0.4 Problem Set for Assignment 1
Load the Boston housing dataset from the Sklearn datasets and write a Python code to accomplish the following tasks:
1. Plot a curve with number of training examples on X-axis and Training and Test Error (both on the same plot in specific colors) for the Least Square Regression (without regularization or say λ = 0 in regularization) on the Y -axis. You can use inbuilt function to fit the Least Square Regression Model. Use Data Normalization. You should use 50%,60%,70%, 80%, 90%,95%, and 99% as the different sizes for the training set while plotting this curve. Test set is the remaining part of the dataset. Further, you also need to make another plot having R2 score on the Y-axis and number of training examples on the X-axis for the same set of experiments. Also repeat the same experiment with l2-regularization with values of λ as 0.01,0.1,1 using the inbuilt function for l2-regularization. You should use a gridplot in matplotlib in order to show all these plots. This grid will have 2 rows and 4 columns displaying the Training and Test error plots in row 1 (different plots for different values of λ = 0,0.01,0.1,1) and R2 score plots in row 2 (different plots for different values of λ = 0,0.01,0.1,1). Keep the scale of X and Y axis same on all plots. Also every time you take a certain number of training examples, shuffle the data.
2
2. Plot the curve with the value of λ in Ridge regression on the X-axis and Training and Test Error (on the same plot) on the Y axis. Fit the ridge regression model using Sklearn inbuilt function Ridge for l2-regularization. Use normalization. You should vary the values of λ as [0,0.0001,0.001,0.01,0.1,1,1.5,2,3,4,5]. You need to make such a plot separately for each of the following training set size – 99%, 90%,80% and 70%. Keep the scale of X and Y axis same on all plots. Furthermore, on each of these plots, you should also plot the validation error by using the inbuilt cross validation function in SKlearn (namely, RidgeCV – you are encouraged to read the documentation for RidgeCV function). Use 5-folds for the cross validation. You should use the same set of λ values for this validation error plots also. The validation error plot should also be in the same color as test error but use dotted lines. So there will be 3 curves on same plot. Remember that test error will be calculated on the test set whereas validation error has nothing to do with the test set. Also make separate plots with value of λ on X- axis and R2 score on Y-axis for each of the percentages of training examples mentioned above and value of λ between 0 and 5 varying them as shown above. Again use the concept of matplotlib grid for showing all these plots. Your grid will have 2 rows and 4 columns displaying the Training,Test and Validation error plots in row 1 for different number of training examples and R2 score plots in row 2.

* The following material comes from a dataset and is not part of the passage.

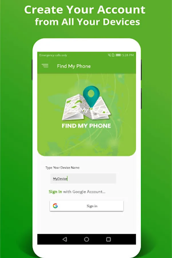 3- Sign in to “Find My Phone” app using your “Gmail” ID. The app allows you to sign in from your Google account.
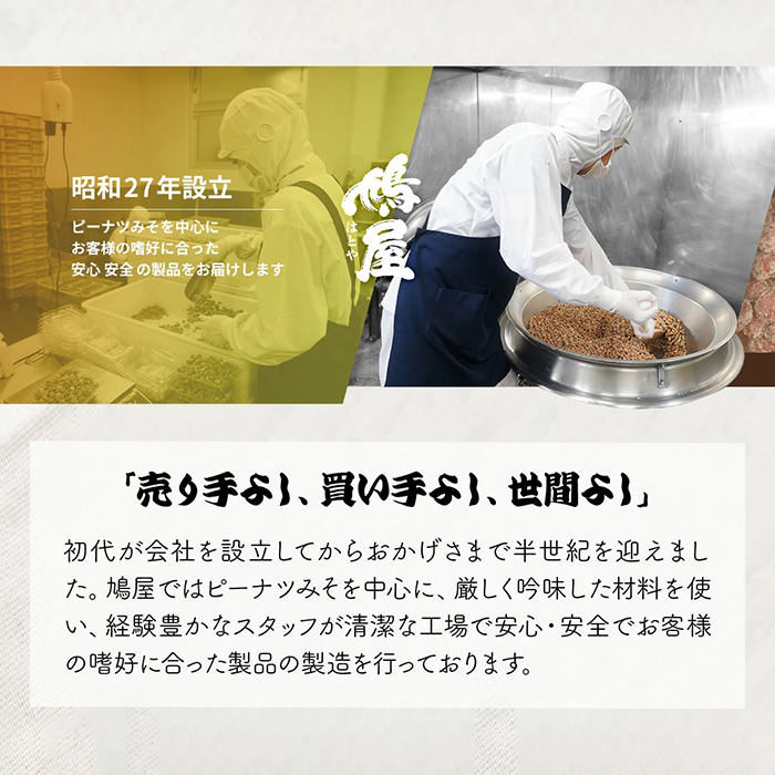 「売り手よし、買い手よし、世間よし」といった「三方良し」の理念に基づき、初代が会社を設立してからおかげさまで半世紀を迎えました。鳩屋ではピーナツみそを中心に、厳しく吟味した材料を使い、経験豊かなスタッフが清潔な工場で安心・安全でお客様の嗜好に合った製品の製造を行っております。

3. Repeat the process in question 2 with l1-regularization by using inbuilt functions for LASSO regression and LASSO regression with cross validation.
4. Repeat the process in questions 1 and 2 but now use your own code for data normalization, fitting least square regression model, ridge regression model, calculating training error, test error and R2 score. You do not need to do cross validation for this question.
5. Repeat the tasks in questions 1 through 4 for the diabetes dataset.